Sunday, 20 January 2013

End of an Era

It was always going to happen. Well ever since Santhiya was finished in 2006. That was the second hotel on Thong Nai Pan Noi. When it was discovered that Santhiya was filling its expensive rooms and pool villas the writing was on the wall for the budget backpacker places in Thong Nai Pan Noi.

It should be considered a good thing that the urge to ‘up-grade’ Tapan Noi bungalows was resisted until 2013. They haven’t been upgraded yet, but they have been shut down; meaning that there aren’t any bungalows for less than 1,000 Thai Baht a night left on the beachfront.

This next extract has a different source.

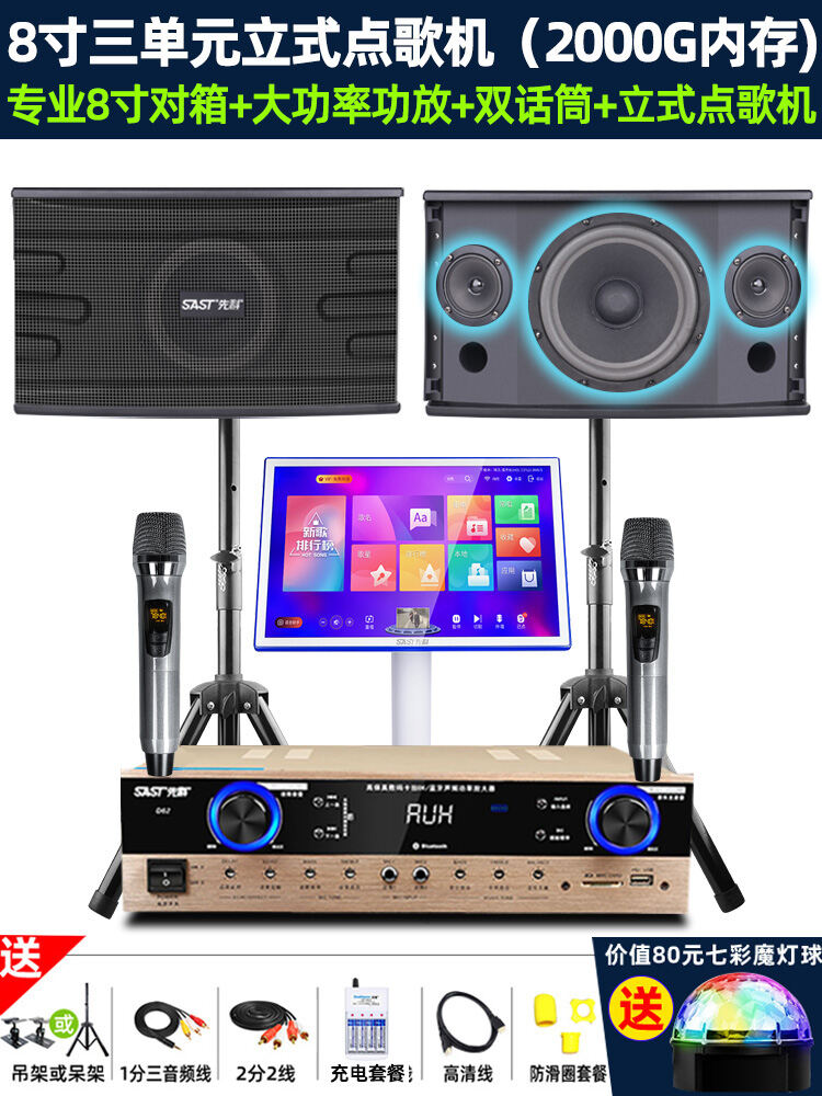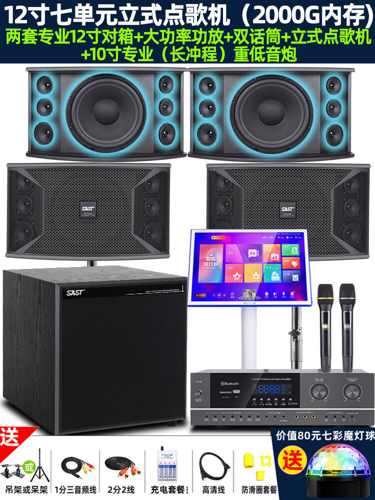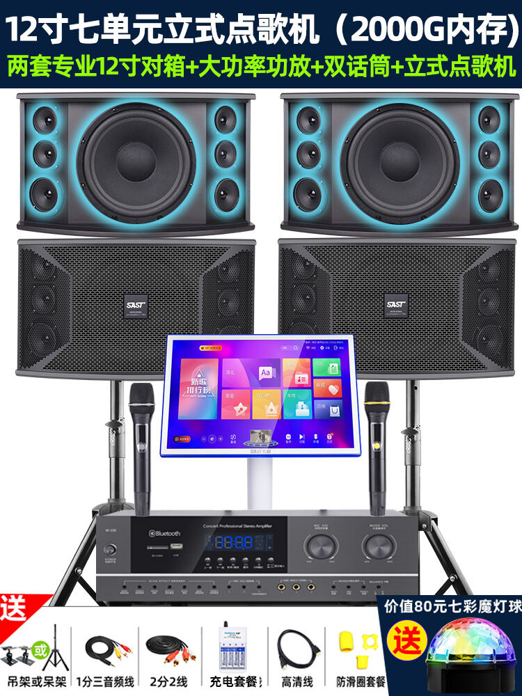 SAST Family KTV Audio Set Karaoke Machine Full Set Home Theater Living Room Karaoke Player All-in-One Professional Card Box Singing System Speaker Amplifier Microphone Special Equipment

That is a bit sad.

Tapan Noi or Baan Tapan Noi attracted lots of people, including many loyal customers who came back year after year. The bungalows on the rocks were simple wooden structures. The ones at the back didn’t have a bathroom. None had air-con. Instead they had a lot of character. The bungalow on the headline point was a gem – with lots of pointed plants outside and access to two beaches. Another bungalow had a bedroom and an entrance area big enough to install a basic kitchen. There were also a couple of bigger bungalows directly on the sand that were highly coveted and usually only let by the month.

The people running Tapan Noi are a friendly bunch. They got to know their long-stay customers and were always ready for a joke and a smile.

The northern end of the beach was ideal – it was free of the nasty early morning drone coming from the Jungle Bar and Hideaway Bar. Instead there was the relaxed I Sea Bar for a drink. Until 2011 there was the excellent Krua Tapan restaurant to enjoy authentic Thai food as well as the Tapan Noi restaurant.

Now that idyllic set up has gone. The Tapan Noi restaurant is still there as is the I Sea Bar but the cheap bungalows – the life blood of that part of the beach – have been taken out of the equation.

At the moment they are just standing there rotting. No doubt in the low season they will be pulled down and will be slowly replaced with air-con bungalows that will make their way onto the Thong Tapan website. It makes business sense I suppose but in terms of culture and pluralism the beach is a poorer place for their closure.